Phil Mickelson won again at the weekend. It was something called the Phoenix Waste Management Open. And the Mickelodeon walked up the 18th hole smiling and nodding and giving the thumbs-up to the crowd.

"Fake Phil" some of his fellow pros used to call him. But they are wrong. Of course Mickelson doesn't always feel like smiling at the crowd. Yet he makes the effort. Because Phil, even if he does sometimes make daft statements about tax, has always known that sport is about entertainment - or having a "bunch of funzies" as he once, gruesomely, said.

I think Frank would like the notorious 16th hole at Phoenix where the crowd barracks the players and goes nuts.

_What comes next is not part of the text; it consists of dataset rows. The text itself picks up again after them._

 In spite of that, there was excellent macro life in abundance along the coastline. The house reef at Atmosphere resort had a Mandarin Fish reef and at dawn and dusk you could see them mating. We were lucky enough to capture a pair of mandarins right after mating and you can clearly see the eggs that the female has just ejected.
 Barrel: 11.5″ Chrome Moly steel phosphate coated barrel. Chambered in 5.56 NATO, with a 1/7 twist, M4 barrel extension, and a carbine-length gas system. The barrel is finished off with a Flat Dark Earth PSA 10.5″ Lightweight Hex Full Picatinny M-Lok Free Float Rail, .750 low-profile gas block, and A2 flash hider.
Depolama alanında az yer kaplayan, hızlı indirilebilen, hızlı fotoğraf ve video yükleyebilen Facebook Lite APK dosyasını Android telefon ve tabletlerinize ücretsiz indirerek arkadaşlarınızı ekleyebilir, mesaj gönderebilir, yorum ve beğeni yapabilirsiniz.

Padraig Harrington came to the tee the other day and kicked an American football into the stands.

The kicker for the NFL's Arizona Cardinals, Jay Feely - Frank would probably spin an elaborate yarn to call him "Touchy" Feely - so enjoyed watching the shenanigans on TV that he took his boy along the next day.

If Frank had ever gone, he might have turned up and sat in the empty stands at dawn, watching the wondrous sunrise creep over the Arizona mountains and hearing the hum of the crowds in his head, thinking of what had been and might be again.

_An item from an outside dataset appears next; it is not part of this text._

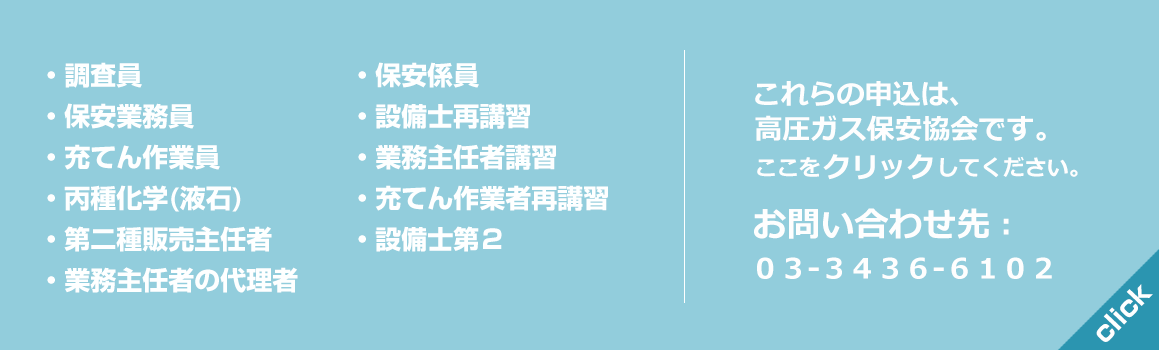 - 丙種化学(夜石)・第二種販売主任者・保安係員講習は、インターネット(東京の高圧ガス保安協会)による申込ができます。なお、従来どおり当教育事務所での申込もできます。

That was part of the trip for Frank. He wrote of an early morning visit to the Queen's Park Oval in Port-of-Spain, "I get a buzz out of empty, early morning sports fields: I can sit there, all alone with history, and contemplate the deeds that were done when the sun was high in the sky and the crowd was high on the rum and fun and tension.

"I love being alone at an empty Lord's, or at Wembley, or at Wimbledon, or on the Hill in Sydney. Once in America I crept at the crack of dawn under the ropes and into a boxing ring where, later that night, there would be a bloody world championship fight. It was an eerie feeling..."

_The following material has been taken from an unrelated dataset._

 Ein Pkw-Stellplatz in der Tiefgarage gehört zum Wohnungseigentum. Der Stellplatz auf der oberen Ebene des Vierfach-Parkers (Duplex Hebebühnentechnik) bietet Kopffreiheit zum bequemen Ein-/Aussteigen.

Frank was full of feeling. So when I go and play footie in the Wanganui Masters this weekend, I will try to remember Frank's wonder at receiving a football one Christmas and subsequent homage to "the leather, sphere, orange, orb, globe, pill, pigskin, bladder, 'thing', cherry, turnip, crimson rambler, fuzz, pea, pellet, puck, bead, aspirin and, finally, dimpled onion".

But who can really live up to Frank?

Still, as the lovely man wrote at the end of his book Another Bloody Day in Paradise ... life goes on.